Basically, there are two ways companies can offset costs.
First is change where they source products from.
You can get it into, say, Central America or even even West Africa.
You probably have a pretty good labor base there that can keep costs similar.
But part of the problem there is maybe you don't have the labor trained to do the work, and so they're going to have to be some investments over time to make that type of thing easier.
The overall uncertainty about what is going to happen after the pause, along with the fact that Trump is imposing tariffs on virtually the entire world, is paralyzing companies.
Is it safe to to pick up a new supplier in South America somewhere? Or would you expect there to be tariffs that come in place down there? So you know where the safe landing zone is hard for these businesses.
They can also try to reduce costs throughout the supply chain, such as by automating tasks that includes fleets of autonomous vehicles or robotics in warehousing and loading.
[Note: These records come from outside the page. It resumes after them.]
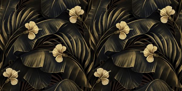 A tropical exotic pattern with golden hibiscus, vintage banana leaves and palm leaves.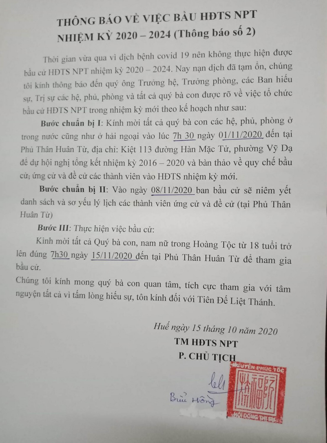 - Bước chuẩn bị I: Kính mời quý bà con các hệ, phủ, phòng ở trong nước cũng như ở hải ngoại vào lúc 7:30 ngày 01/11/2020 đến tại phủ Thán Huân Từ, địa chỉ: Kiệt 113 đường Hàn Mạc Tử, phường Vỹ Dạ để dự hội nghị tổng kết nhiệm kỳ 2016-2020 và bàn thảo qui chế bầu cử, ứng cử và đề cử các thành viên vào HĐTS nhiệm kỳ mới.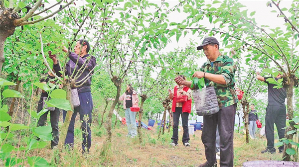 劉術榮的桑樹枝繁葉茂,桑葚掛滿枝頭,吸引了市民和游客觀光采摘。他每天請了十幾名工人幫忙,抓緊時間采收桑葚。經過科學管護,這片果桑園每年能產桑葚超過20噸,帶動30余戶村民實現穩定增收。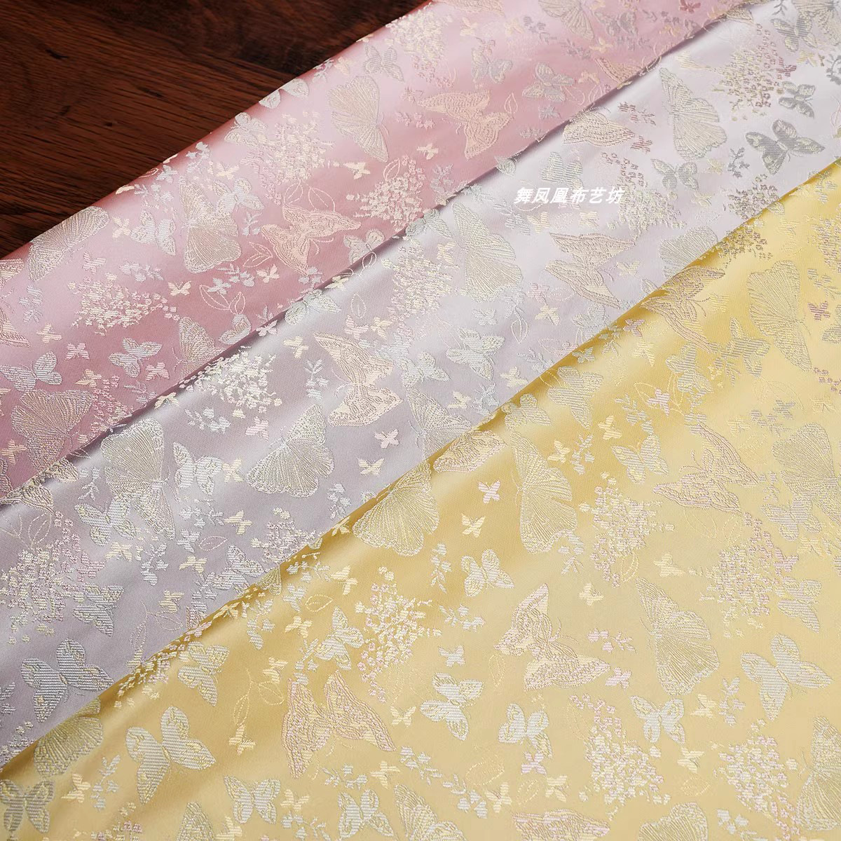 蝶花卉-錦織ジャカード生地中国風コート馬甲糸滑り光沢シミュレーション糸服装生地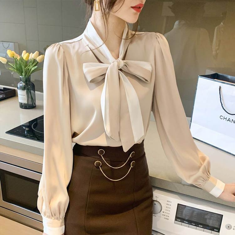 シアースリーブ ドッキングシャツ ボウタイシャツブラウス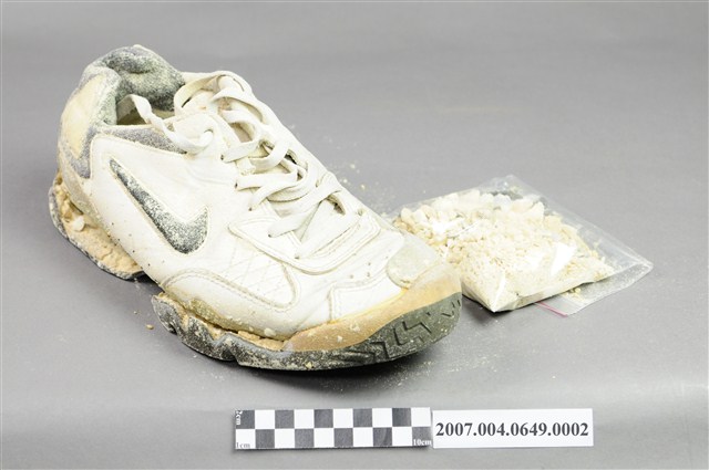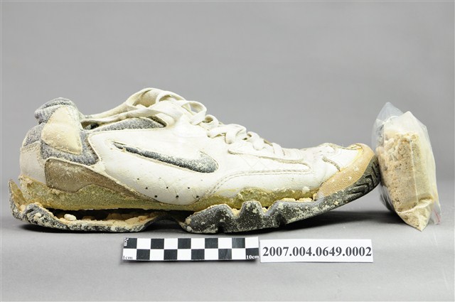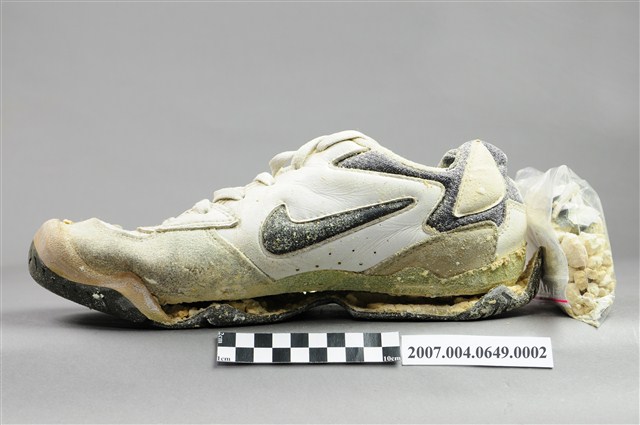 1.本件為耐吉(Nike)運動鞋之右腳,鞋身以白色皮革、灰白色麂皮革及深色織布等材質組合製作,鞋身兩側有該品牌標誌,鞋領口後側也繡有耐吉商標「Air」黃色英文字樣。鞋底部分是耐吉特有的air設計,其中白色PU層因年代久遠分解碎裂,鞋底碎塊裝進透明塑膠袋裡保存。2.林宗義生於1920年,是臺灣腦神經精神醫學的先鋒和奠基人。父親林茂生曾任臺灣大學文學院院長,死於二二八事件。林宗義是臺大醫學院第一位神經精神科教授兼主任,創立臺灣腦神經精神醫學教育的模式。1965年擔任WHO心理衛生部門的研究主任,更於1974年擔任世界心理衛生聯盟主席。2010年逝世於加拿大。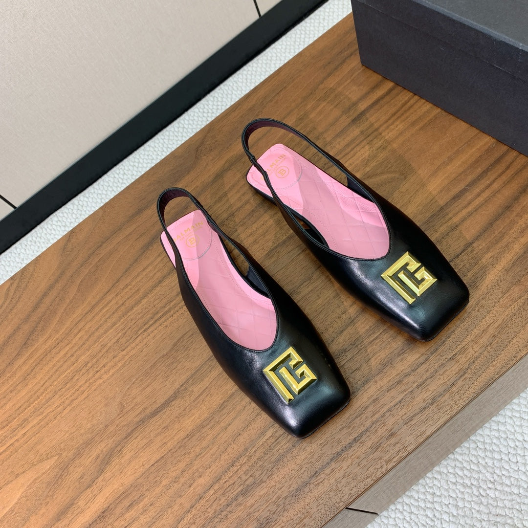 BALMAIN 25S FLAT EDEN SLINGBACKS IN BLACK CALFSKIN

I think there are opportunities for that in transportation, but still we have a whole bunch of people power that drives the transportation business, and that's not going to change anytime soon.
The big question is how long does this continue? Right? And, uh, right now there doesn't seem to be an end in sight.
What everybody is looking for right now is real deals.
Rhetoric does not matter.
You have to look at these trade deals.
And if you look at things that are, quote a win, you have to see if it's really a win or if it's just bluster.